Лёля взволновалась воспоминаниями, щеки зарумянились под мучнистым слоем пудры.
— Даже не сказать, какой душевный человек! — проговорила она и всхлипнула от жалости по прошедшему времени. — И такой мечтательный! На кровать ляжет, руки под голову, и таких чудес намечтает, сама себя забудешь! А на сцене, видел бы ты, Вовочка, как сражался он на шпагах — ну, настоящий мушкетер! На спектакле сижу, сердце замирает, как машет он саблей. И все побеждает!! Ума не приложу, зачем из театра уволился? Куда-то за Урал, в другой перевелся… — Лёля снова достала платочек. На этот раз не донесла до глаз, только осторожно промокнула нос.
От большого количества душевных людей у меня запестрело в глазах.
— Что-то душно у тебя, Лёлечка, — сказал я, отирая взмокший лоб и расстегивая верхние пуговицы кителя. — Нельзя ли форточку открыть?
— Что ты, что ты, Вовочка? Испугалась Лёля. — Тепло надо беречь. Вот, посмотри-ка, — Лёля перевернула сразу несколько страниц, и глянуло на меня с большой фотографии лицо Сереги. Смотрелся он во всем своем великолепии: по моде подстрижен, по моде одет, взгляд умных глаз чуть косил в сторону, в чувственных губах, где-то в самом уголке, таилась снисходительная усмешка все понимающего человека.
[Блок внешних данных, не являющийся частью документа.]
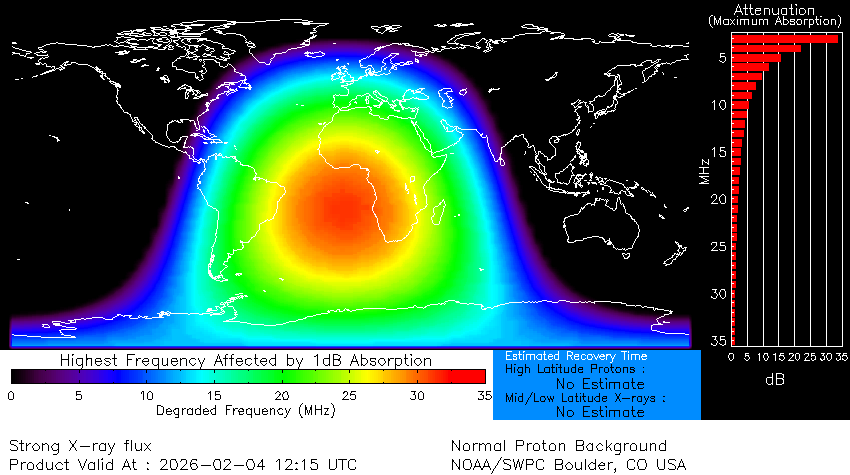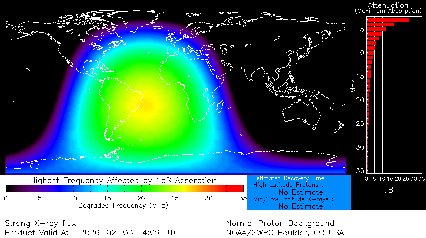 So, it was no surprise that the region produced another X-class flare today. This X1.5 flare peaked at 14:08 UTC (GOES/SUVI image and underneath). The ionizing radiation of this X-class flare affected the lower frequency portion of the High Frequency communication band (HF Com ; 3 - 30 MHz) on the dayside of the Earth, mainly over Africa, the southern portion of the Atlantic Ocean, and most of South-America. An advisory to civil aviation has been issued (PECASUS). The effects of the X1 flare on HF Com can be seen in the D-RAP (NOAA/SWPC) map underneath.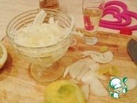 Делаем маринад для лука - смешиваем белое вино, уксус и лимонный сок, слегка солим и перчим. Лук режем полукольцами и замачиваем его в заправке минут на 10. |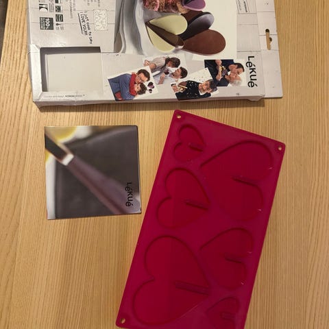 Käyttämätön punainen Lékué taikinanuolija. Valmistettu 100-prosenttisesta platinasilikonista.

— Вот Сереженька наш, — сказала Лёля, вздохнув, — такой душевный, такой родненький! А вот, затосковал, закапризничал. Отлетел от гнездышка, соколик! — Лёля приложила платочек к одной щеке, к другой. В замедленных движениях ее рук было столько безысходной печали, добрые ее глаза смотрели на меня таким жалостливым взглядом, с такой тоской ожидания, что я не мог остаться безучастным: утешающе погладил теплую, всегда такую заботливую ее руку.
Лицо Лёли прояснело.
— Вовочка, — сказала она. — Тебе нравится у меня?
Я еще раз обвел взглядом снежно-белое комнатное царство, пироги на столе, пышную кровать в углу, посмотрел не без любования на саму Лёлю — чистенькую, добрую, не могущую, казалось жить без заботы о ком-то, сказал не лукавя!
— Хорошо у тебя, Лёлечка. Уютно!..
— Золотце ты мое, приходи сюда, как домой, — воскликнула Леля, — Как обрадовал ты меня, Вовочка!..
Теперь она гладила мою руку, глаза её благодарно, ласково, обещающе заглядывали в мою смущенную душу.
Всю последующую неделю многообещающей песенкой звучал во мне радостный возглас Лели: «Золотце ты мое! Приходи сюда, как домой!».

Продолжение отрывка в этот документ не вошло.